April 27th, 2010
A recent research study on consumer decision making found:
“When decisions are difficult because the choices are equally appealing, people often become more positive in their attitudes and behaviors toward their chosen option after they choose it. But the authors found that this enhancement of a product is surprisingly fragile, and collapses easily in the face of even minor negative information about it.”

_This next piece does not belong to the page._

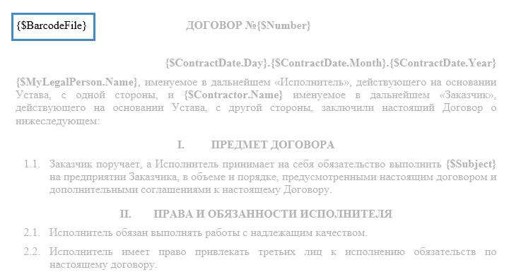 Для того, чтобы штрих-код был добавлен на страницу документа, необходимо в шаблон документа вставить переменную BarcodeFile, в которой хранится сформированный штрих-код (рис. 4).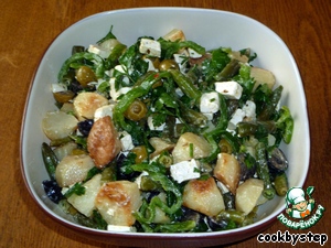 | Еще один картофельный салатик:) Приятный пряно-острый картофельный салат со смесью черных и зеленых оливок. Стручковая фасоль пропитывается горчично-лимонной заливкой и приобретает совершенно особенный вкус и аромат. Свежая зелень и сладкий перец уравновешивают вкус салата. Спасибо за рецепт lentyajka_01 :) |

This “positivity bubble” (as the researchers describe it) is no surprise to cognitive designers. It comes from our need to get more mental energy out of an interaction then we put in. Making a choice especially between options that are very similar requires a lot of mental energy. To compensate we hype-up the value of the choice we make to create compensating meaning and positive emotional energy. The positivity bubble gives us energy to balance out or exceed what we used in making the decision. As it is primarily hype it bursts at the first sign of conflicting information. This collapse can lead to remorse and long-term dissatisfaction. And this can happen when the stakes are highest. To quote the study:
“Difficult decision scenarios with heightened stakes—such as shopping for expensive durable goods, choosing a gift for a loved one, or choosing a job, college, or house—are precisely those in which people would most hope to have accurate and stable attitudes,” the authors write. “Perversely, our results suggest that in these cases their attitudes might actually be the most fragile and bubble-like, appearing strong but actually quite vulnerable to collapse.”
This highlights a moment of truth from a cognitive design standpoint. A case where if we don’t properly manage the psychological need for mental energy we may in fact end up with a bad case of decision remorse. To take a deeper dive check out the article, Fragile Enhancement of Attitudes Following Difficult Decisions.
Posted in Cognitive Bias, Psychographics | No Comments »
April 25th, 2010
Getting people to think about something specific has powerful cognitive effects. Focusing attention and loading a specific mental model fills our working memory with content and activates episodic memories. This in turn can impact how we perceive, learn, solve problems, plan, navigate and behave. A single word, image or interaction can cause an avalanche of incidental mental processing. This is one thing that makes cognitive design such a powerful intervention. But it can have unexpected side effects.
A great example was just published in Psychological Science, as You are What You Eat: Fast Food and Inpatients. To quote:
“We found that even an unconscious exposure to fast-food symbols can automatically increase participants’ reading speed when they are under no time pressure and that thinking about fast food increases preferences for time-saving products while there are potentially many other product dimensions to consider. More strikingly, we found that mere exposure to fast-food symbols reduced people’s willingness to save and led them to prefer immediate gain over greater future return, ultimately harming their economic interest.”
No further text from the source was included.